My personal transparency level is where quality level -4 is now. So I tried to abx quality level -4, and I can only say I can't abx any problem. The only thing mentionable is very weak suspicion that Atemlied is not totally transparent (at the very moment when the 'music' starts [sec. 0.0-1.6]), but my abx result doesn't back this up at all.

So everything is great also with the changed machinery which brought a surprisingly high speed increase (from memory - didn't do a real comparison).
Because of the good speed I also encoded my regular track and my problem sample set to learn about average bitrate for the various quality levels:

quality    regular/problem set [kbps]
       -1              467/561
       -2              418/518
       -3              372/472
       -4              346/447
       -5              325/421   
       -6              306/397
       -7              291/375

These are very good properties IMO.
Even for a purist who wants to keep the basic principle and uses -2, the average bitrate for regular music is only slightly above 400 kbps.
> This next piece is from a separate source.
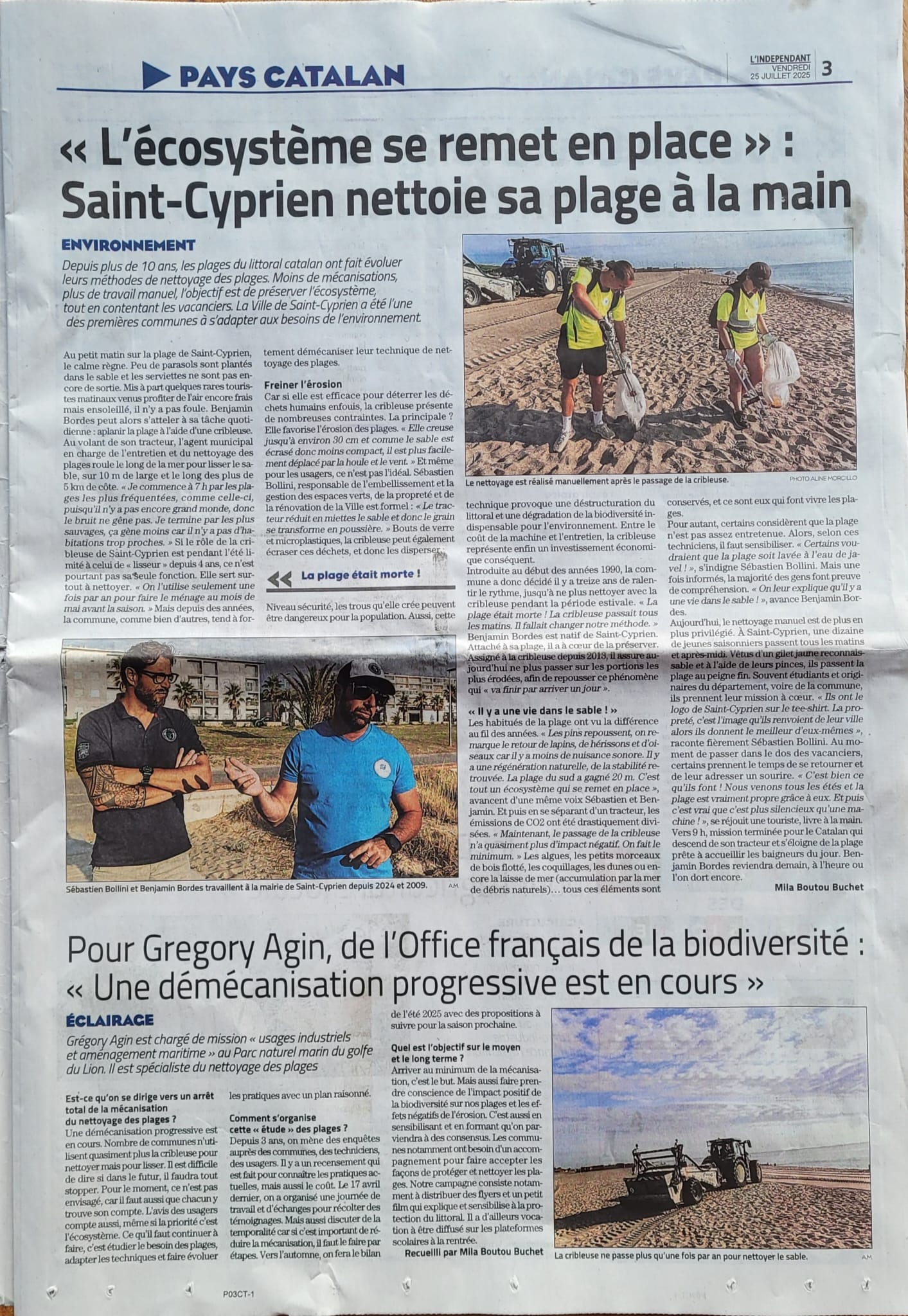 - France Inter. Reportage sur "Le Parc naturel marin préconise moins de machines pour nettoyer les plages des Pyrénées-Orientales" à partir de 11'30

Average bitrate for the problems is 100 kbps higher on average which IMO is more than enough of security (with earlier and less sophisticated lossyWAV versions ~470 kbps on average for my problem set was necessary to make them transparent).
-3 and -4 are the perfect solutions IMO for the non-purists struggling for transparency.
From -5 up there is an increasing risk of arriving at non-transparent results, but judging from practical listening quality is still very good (just tried [no abxing] some samples from my regular track set using -6 and was very content).

Wonderful work, Nick. Congratulations.
lame3995o -Q1.7 --lowpass 17

lossyWAV Development

Reply #977
Thanks for the tests halb27. Good to hear we have a strong 300..350k range. Bitrates are also looking good with -2 giving archive quality at half the normal bitrate of lossless.

lossyWAV Development

Reply #978
... As an aside (and I know that looking at the spectrum in foobar is not any way to evaluate anything....) I looked at the spectral output for a lossyWAV correction file (replaygained +45dB or so) and almost all of the signal was in the high end of the spectrum - so it "looks" like my implementation of your noise shaping filter works!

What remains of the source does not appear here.